Choreography
In 1978, she created her first piece as a choreographer piece titled Ne, then followed by Drastic-Classicism in 1981. Throughout the 1980s, Armitage led her own company, which was based in New York City. Her company toured internationally and was known for its collaborations with artists David Salle and Jeff Koons. In 1984, she was invited by Mikhail Baryshnikov to create a work for the American Ballet Theatre. Three years later, Rudolph Nureyev commissioned one of her works for the Paris Opéra Ballet. She created five ballets for the Ballet de l'Opéra National de Paris during the 1980s.

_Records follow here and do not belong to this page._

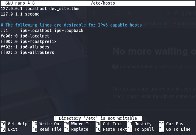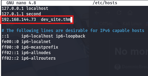 So how do we exploit this? Since we have the ability to change where the system will map IPs to the dev_site.thm domain, it’s possible to create a new line which redirects the dev site towards our own server hosted on an attacking machine.
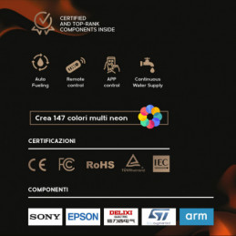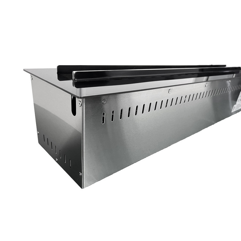 External dimensions: Width 122cm Depth 9.5cm Height 56cm Weight 19.8 kg Technical data: Power: 900/1800 W AC- 220-240/50hz Absorption in flame function (no heating): 30 watts Temperature: 18°-30° Daily and weekly programming Adjustable electronic timer from 1 to 8 h Digital thermostat 5 settings for flame and brazier intensity 9 modifiable flame colors 3D...
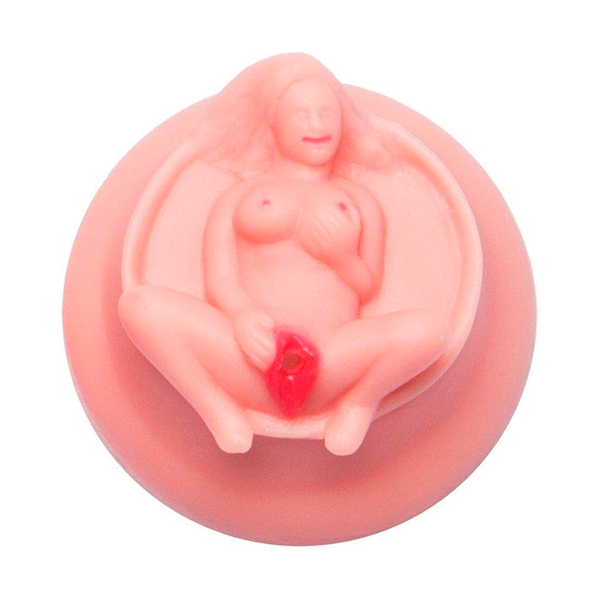 Una tapa para lata de cerveza o refresco, con forma de vagina y una abertura para que salga el líquido. Una pequeña broma divertida.
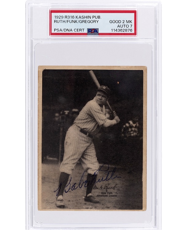 A 1929 Babe Ruth signed card R316 Kashin Publication card PSA 2 with PSA/DNA 7 autograph hammered for $47,258. The 3-1/2” x 4-1/2” card presents a beautiful image of Ruth in his Yankees uniform in a full figure batting pose that is boldly signed near the bottom. The card is also signed on the back by Major League Baseball players Paul Gregory and Elias Funk. Finding prewar signed baseball cards is very difficult. There was a time when it was considered taboo to have a baseball card signed, resulting in a very small number of cards signed by baseball greats like Babe Ruth. In fact, there are only two other graded signed examples of this card, according to the PSA/DNA population report. The example at Hake’s is the highest graded of the three.
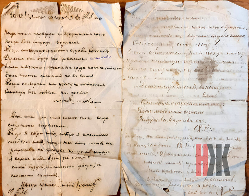 С Марусей было условлено, что она из своего окна будет сигнализировать о ходе переговоров…. Окно почты, где я работал, стояло против окна Маруси. Сигнал подавался ею платочком. Я же из противоположного окна следил. В эти мгновения мы витали как бы в облаках, сердца наши стучали, мы волновались, предчувствуя нашу вечную недалекую встречу и обоюдные обнимания.
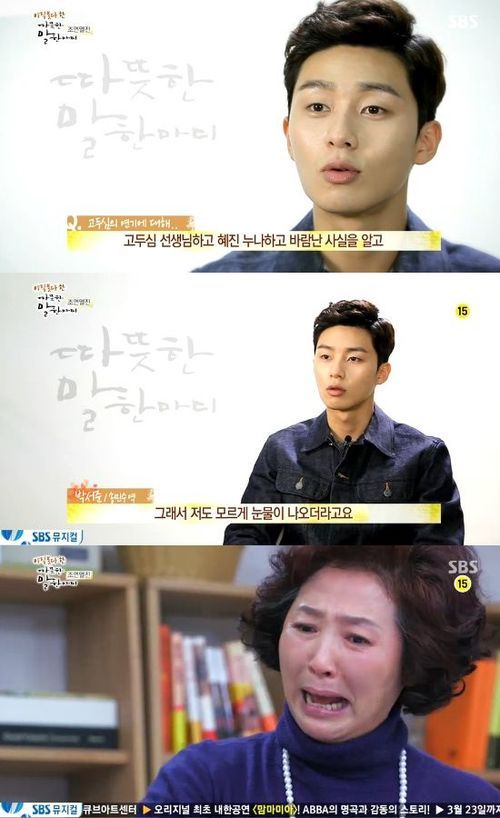 박서준은 25일 오후 방송된 SBS '아직 못다한 따뜻한 말 한마디'에서 극 중 나라(고두심 분)가 은진(한혜진 분), 재학(지진희 분)이 바람난 사실을 알게 된 장면에 대해 이야기하며 "저도 모르게 눈물이 났다"고 말했다.
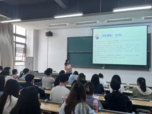 李散绵老师首先以自己的职业经历和学习经验为开场,阐述了她本人在职场的所见所想以及各种考证的经验。本次参加讲座的员工以会计学专业的为主,“不忘初心、牢记使命,仰望星空、脚踏实地。”这两句话是李老师对所有员工的期待与祝福,随后李老师为大家详细介绍了中国注册管理会计师(PCMA)的职业能力框架、考试时间与内容以及其职业能力分类、让同学们对所学的专业有了更深的认知。李老师告诉大家,如果想要成为一名会计师,就要追求更高的道德素质,并对大家提出以下期许“希望大家争做具有国际视野、开放包容、合作共赢,懂得中国国情的合格管理会计师!”
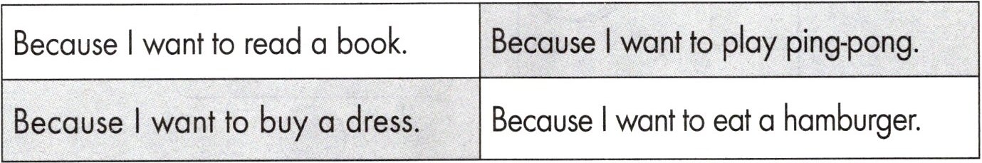 3. a. Because I want to play ping-pong. b. Because I want to eat a hamburger. c. Because I want to buy a dress. d. Because I want to read a book.
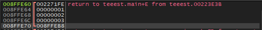 What we see here is that main() pushes 3 numbers onto the stack and calls f(int, int, int).
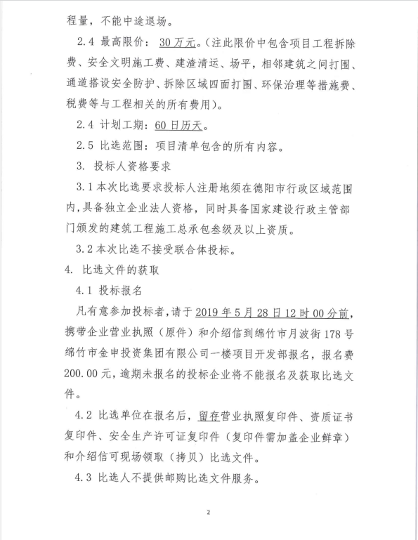 市大南路285號7號樓等7棟房屋拆除工程項目施工比選公告

From 1995 to 1998, she served as the director and choreographer of the company MaggioDanza in Florence, Italy, moving on to become resident choreographer of the Ballet de Lorraine in Nancy, France, in 1999, where she was to remain until 2002. In 2004, she was the director of the International Festival of Contemporary Dance at the Venice Biennale. Returning to New York City after 15 years abroad, she founded her current company, Armitage Gone! Dance, in 2005.
Armitage's recent collaborators include British composer Thomas Adès, artists; Jeff Koons Jean-Paul Gaultier, Christian Lacroix, Brice Marden, David Salle, Peter Speliopoulos, and Broadway designers; Clifton Taylor, and Philip Taaffe. She has commissioned music from many composers and her company regularly performs to live music. The themes of her pieces are as diverse as Audubon's Birds of America. In a recent work "Three Theories" was inspired by Brian Greene's popular science book The Elegant Universe. This premiered at the 2010 World Science Festival (the physics of black holes and string theory).
Armitage stated that "Physics makes me dream. I try to think outside the box and open up my mind. I like science. Science always questions authority. This conflict between theories seemed to me so dramatic and so incredibly fundamental."